End-to-end walkthrough: from "I have a HuggingFace model name" to "PR submitted with my model's results in MMBT." Built so that a new contributor can rerun the same 12-task-family microbench against any vLLM-supported model and produce comparable, reproducible results.
TL;DR: Pull weights, add a launch command, smoke-test (5 min), full chain (3-7 hr), grade, summarize, write up. Half-day to one-day total operator time.
This walkthrough covers both:
- New model entry — a model that isn't currently in the comparison (any vLLM-supported local model with a working tool-call parser).
- Same model, different quant — re-running an existing comparison-arm model at a different precision (e.g. official Qwen FP8, Unsloth UD4 GGUF, BF16) of the same base model. This is currently the highest-priority external contribution path — see
ROADMAP.mditem 1, motivated by field reports that the published Cyankiwi 4-bit AWQ quants underperform other precisions of the same models.
The mechanics are the same in both cases: only the HuggingFace model path and the vLLM launch flags change. Use a tag like qwen3.6-27b-fp8 or qwen3-coder-next-unsloth-ud4 so the result is comparable and clearly differentiated from the published Cyankiwi 4-bit AWQ entries.
Hardware: a Linux box with a CUDA-capable GPU. Tower2 (the published runs' hardware) has 2× RTX PRO 6000 Blackwell (96 GB each); the canonical flags assume that. For smaller GPUs (24-48 GB), drop --max-model-len to 32k-65k and --gpu-memory-utilization as needed.
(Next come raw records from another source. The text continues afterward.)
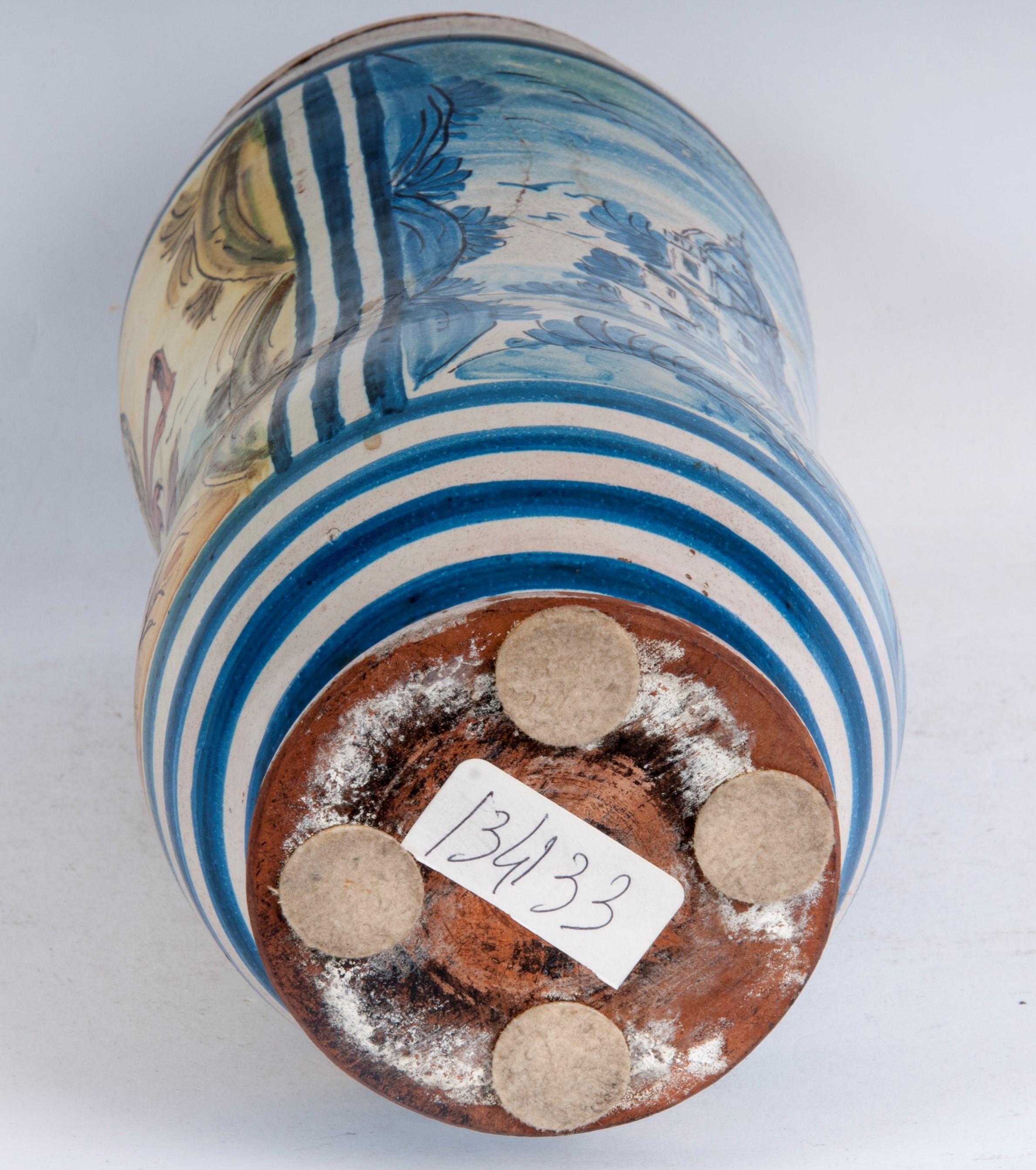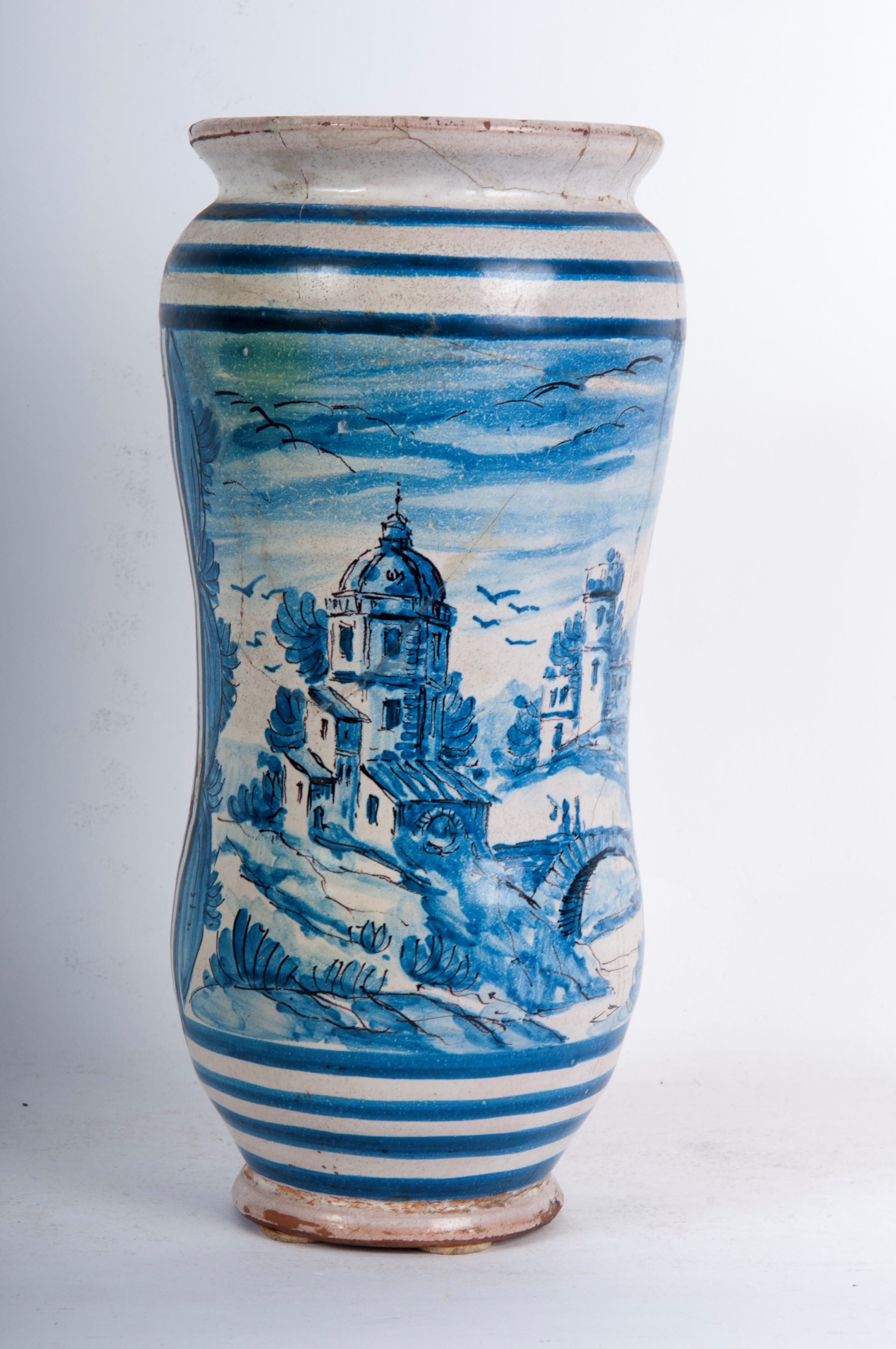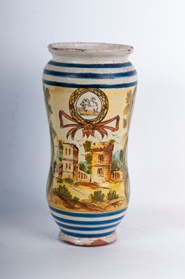 Body tapered in the center with an everted upper rim and a disc-shaped base. One side features a landscape scene in blue on a white background within a frame; the opposite side features ochre buildings on a yellow background and a coat of arms with a lion. Southern workshop, second half of the 18th century.
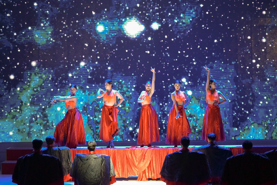 在仪式的最后,艺体学部为2024级新生精心准备了以“青春踔厉筑梦,奋楫扬帆启程”为主题的文艺演出。演出以丰富多彩的节目形式展现了师生们的才华和热情:热烈奔放的拉丁舞《选择》让现场的气氛再次达到高潮,武术《精武风采》刚柔并济,展现了力量与艺术的完美结合;流行歌曲合唱串烧《上春山》《像你这样的朋友》,把当代大学生阳光、青春、活力、充满希望的精神面貌展现得淋漓尽致;独舞《林海雪原》通过舞者的肢体语言和情感表达,展现了北方林海雪原的独特魅力;合唱《我的心里只有你没有她》《土尔扈特勇士》在聂蓓蓓老师的指挥下,男生合唱团以专业的技巧和深厚的感情诠释了合唱的魅力。
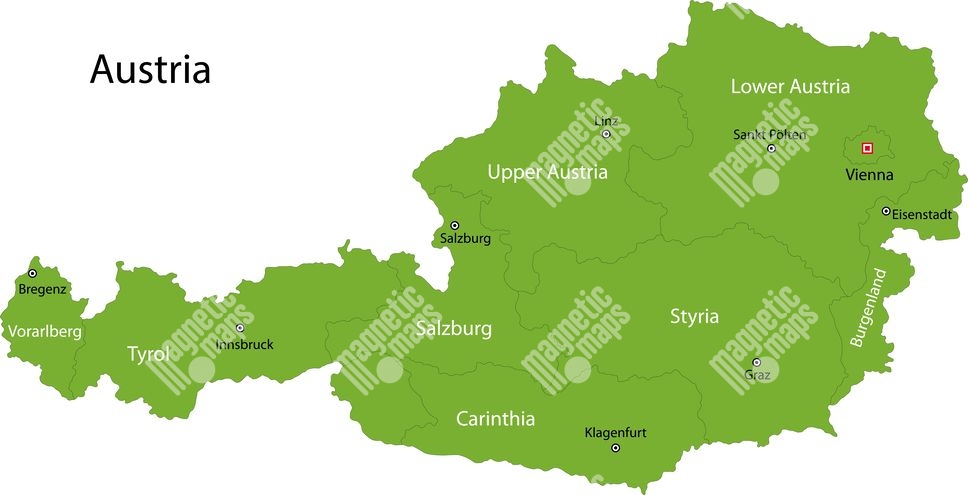 Magnetická mapa Rakúska, ilustrovaná, zelená
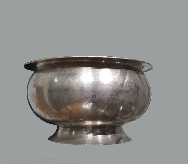 Objeto de uso doméstico. Recipiente realizado en plata batida a martillo y bruñida, tiene forma globular con borde ancho y plano en el borde. Tiene un asa lateral de forma curva. Se eleva sobre un pequeño zócalo circular.
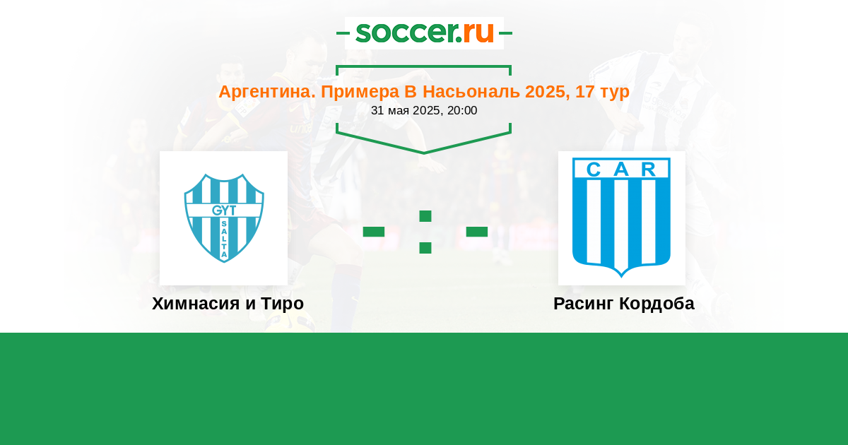 Протокол матча Химнасия и Тиро против Расинг Кордоба
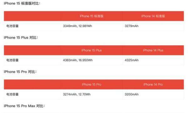 一、iPhone15系列电池容量提升的直接影响电池容量数据对比iPhone15系列电池容量较上一代显著提升:
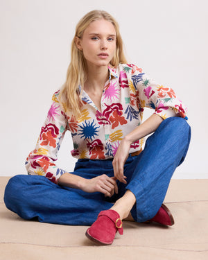 Chemise femme iconique en coton imprimé exclusif estival. Légèrement cintrée avec un petit col et une patte de boutonnage apparente. Boutons en nacre.
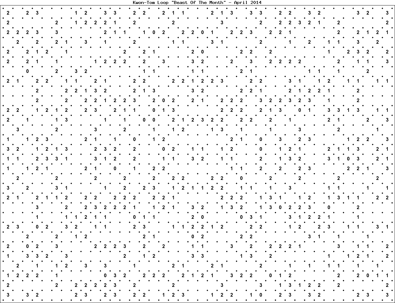 The "Beast Of The Month" is a very large puzzle, too big to display in the usual Kwon-Tom Loop interactive format. It's presented here as an image which you can print off and solve on paper.Printable Beast April 2014(solution)
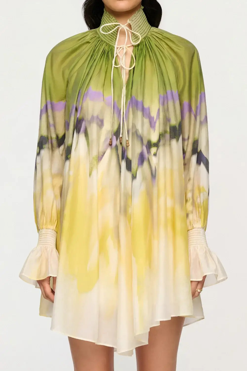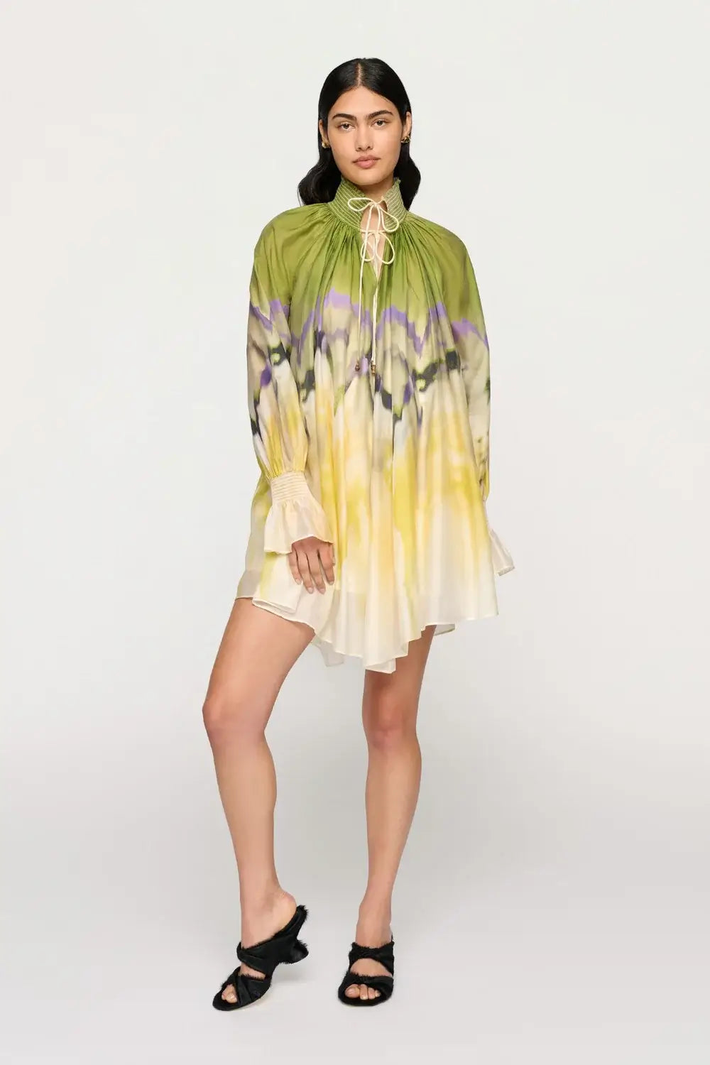 A voluminous silhouette with lightness and movement. The Isadora Mini Dress is crafted from a sheer, lustrous fabrication that drapes fluidly, creating a sense of air and ease.
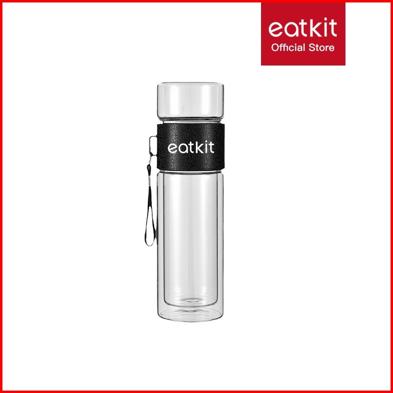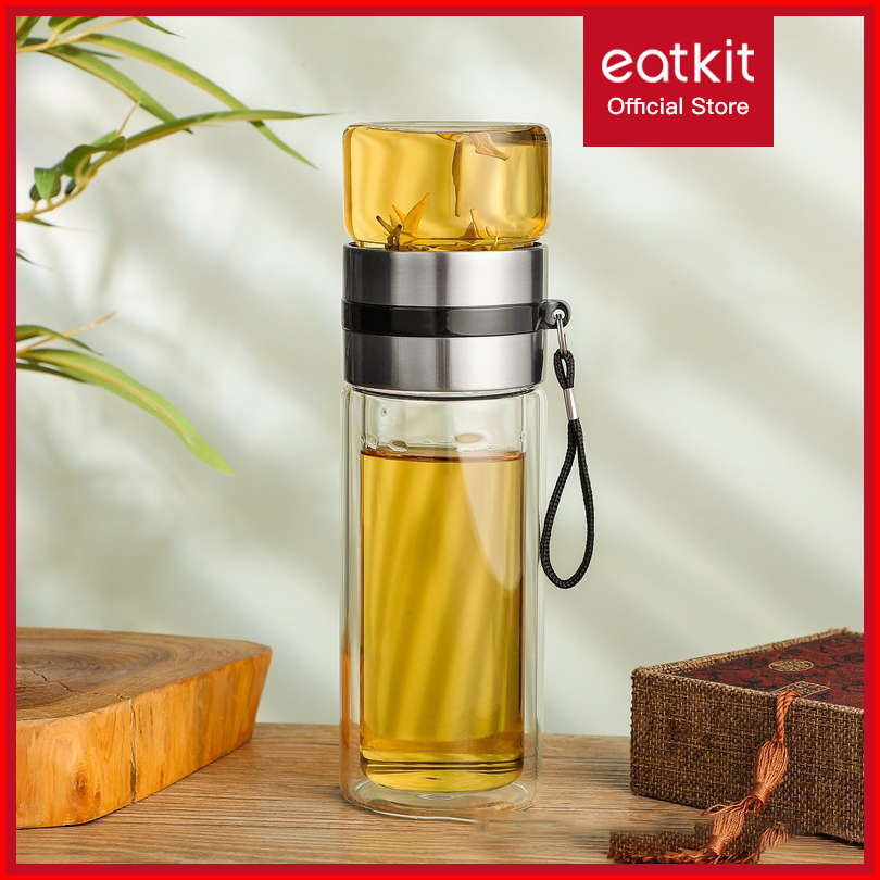 Eatkit 420ml Double Glass Bottle Tea Purifier Infused Water Botol Minum Kaca Penyaring Teh Tumblr Kacateapot Infuser Woo

The tasks themselves rarely exceed 30k tokens of context — long context isn't needed.
Software: Docker with NVIDIA Container Toolkit, Python 3.10+ on the host. ~50 GB free disk for the vLLM image plus your model.
Model: any HuggingFace model that vLLM supports AND that has a working tool-call parser. See launch-commands.md § "Tool-call-parser quick reference" for a parser ↔ model-family table covering Qwen, Llama, Mistral, DeepSeek, Gemma, GLM, Phi, Hermes.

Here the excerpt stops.